CHECK out presidential candidate Isko Moreno Domagoso’s recent statements, his recent screams on the campaign trail:

– “If I become president, I promise I will collect the P203 billion unpaid estate tax of the Marcos family”;

– “The P203-billion estate tax could feed rice to 59.7 million Filipinos daily for a year if the Bureau of Internal Revenue is able to collect it.”

Obviously on the same intellectual level as Isko is another candidate, Panfilo Lacson, who became was his echo chamber, pontificating that the “P203 billion estate taxes” won’t be collected if Marcos Jr. wins the presidency.

There is no P203 billion unpaid estate tax. A single scheming devious person, retired justice Antonio Carpio, invented that astronomical “unpaid tax” number. This is another proof of that adage attributed to Mark Twain: “A lie can travel around the world and back again while the truth is lacing up its boots.”

What is wrong with these people? And they are running for president? That P203 billion figure is entirely Carpio’s invention. He came up with that phantom figure in his newspaper column by computing the interest rates and penalties on P23 billion which Cory’s Bureau of Internal Revenue claimed in 1990 was the Marcos family’s estate taxes, otherwise known as inheritance taxes, levied on properties he supposedly left when he died in June 1989.

But the Marcos heirs had not acquired those assets. How could they? They were sequestered, ordered by the court to be returned to their owners (such as Edgardo Cojuangco Jr. and Roberto S. Benedicto) or auctioned off by government.

These are inheritance taxes, which means the Marcos heirs would have to pay that much if the Marcos properties were turned over to them. No turnover, no inheritance tax, and it is astonishing how two presidential candidates can’t seem to understand this.

Panic

At that time, the Cory regime was in a panic to make sure that the Marcos heirs would not be able to get the strongman’s properties after he died in June 1989. This was an imperative for the Yellows, since four years after the EDSA uprising, their hold on power was tenuous, with military mutineers launching coup after coup.
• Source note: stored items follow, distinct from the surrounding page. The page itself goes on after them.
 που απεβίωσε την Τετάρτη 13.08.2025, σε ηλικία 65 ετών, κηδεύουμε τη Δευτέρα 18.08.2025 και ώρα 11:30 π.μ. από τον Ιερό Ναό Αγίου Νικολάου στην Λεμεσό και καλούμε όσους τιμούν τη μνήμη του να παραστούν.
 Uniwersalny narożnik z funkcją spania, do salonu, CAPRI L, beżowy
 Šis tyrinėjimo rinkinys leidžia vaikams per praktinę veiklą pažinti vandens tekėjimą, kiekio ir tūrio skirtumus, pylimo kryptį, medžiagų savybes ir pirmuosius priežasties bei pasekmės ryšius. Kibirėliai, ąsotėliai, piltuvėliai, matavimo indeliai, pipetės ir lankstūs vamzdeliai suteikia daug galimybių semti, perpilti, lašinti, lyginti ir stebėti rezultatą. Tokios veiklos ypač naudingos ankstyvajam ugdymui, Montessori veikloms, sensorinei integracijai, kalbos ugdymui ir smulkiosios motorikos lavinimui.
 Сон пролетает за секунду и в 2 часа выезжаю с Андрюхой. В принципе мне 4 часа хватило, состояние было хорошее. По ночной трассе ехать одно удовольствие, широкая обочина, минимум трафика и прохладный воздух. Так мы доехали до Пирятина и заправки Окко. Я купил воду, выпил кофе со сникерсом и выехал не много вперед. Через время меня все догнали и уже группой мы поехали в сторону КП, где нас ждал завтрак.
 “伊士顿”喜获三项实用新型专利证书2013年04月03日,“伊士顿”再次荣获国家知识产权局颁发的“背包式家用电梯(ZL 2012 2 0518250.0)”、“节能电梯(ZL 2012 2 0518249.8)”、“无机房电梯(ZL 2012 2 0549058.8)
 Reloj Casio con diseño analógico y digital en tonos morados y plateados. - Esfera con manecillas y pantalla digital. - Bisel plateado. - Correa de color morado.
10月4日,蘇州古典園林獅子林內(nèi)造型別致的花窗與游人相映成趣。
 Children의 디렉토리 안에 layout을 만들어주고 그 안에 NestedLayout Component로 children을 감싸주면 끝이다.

Especially with Cory’s poor governance, the Marcos forces were fast gaining strength they seemed to be in a position to win the 1992 elections. (Indeed, if the Marcos votes had not been split with Edgardo Cojuangco and Imelda both running, there would have been a Marcos counterrevolution at that time.)

The BIR, however, included as Marcos properties to be levied the inheritance taxes even those assets sequestered by the Presidential Commission on Good Government. Why such a boo-boo?

First, because the Cory’s BIR didn’t really know what were Marcos’ properties, and believe it or not, as Imelda Marcos had told the court, he had not executed a last will and testament — which would have declared this and this property belongs to Imelda, that to Bongbong, etc.

Second and more importantly, Cory instructed the BIR to come up with an obviously astronomical figure — P23 billion — as the inheritance tax, so the Marcos heirs would not be able to raise, even if they had, as Cory believed, the fabled Yamashita gold. It was easy for the crazy BIR guys to do it: Just take the word (i.e., propaganda) of the PCGG that the Marcos properties were worth over P100 billion (excluding the alleged Swiss bank deposits).

Inheritance

Since the inheritance tax was computed at that time at 20 percent (reduced under the Train Law to just 6 percent) of the value of the assets-to-be-inherited, voila, the taxes purportedly totaled P23 billion. That is, if the Marcos assets, which were sequestered, were to be transferred to them.

It was in reality a ruthless operation of the Cory regime. The often repeated claim that the “assessment” was “final and executory” (and that this has been affirmed by the Supreme Court) is based on the BIR’s allegation that the Marcoses failed to reply to the assessment 30 days after it was served in September 1990.

To whom was it served? To a clueless caretaker at the Marcoses’ practically abandoned residence in San Juan, who most probably put the BIR documents in his aparador for safekeeping until his employers returned. Why “abandoned”? Because after the Marcoses were shanghaied to Hawaii in February 1986, the Cory government banned them from coming home, refusing to issue them passports. The Cory government in fact allowed the Marcoses to return to their country only in October 1991 to finally bury the strongman’s remains— on condition that he be buried immediately in his birth town — Batac, Ilocos Norte.

BIR list

There is no unpaid inheritance tax of P203 billion, as the Marcos estate has not been given control of assets in that BIR list, such as La Carlota Sugar Mills, Liwayway Publishing Inc., Manila Golf and Country Club shares, and even the Manila Bulletin.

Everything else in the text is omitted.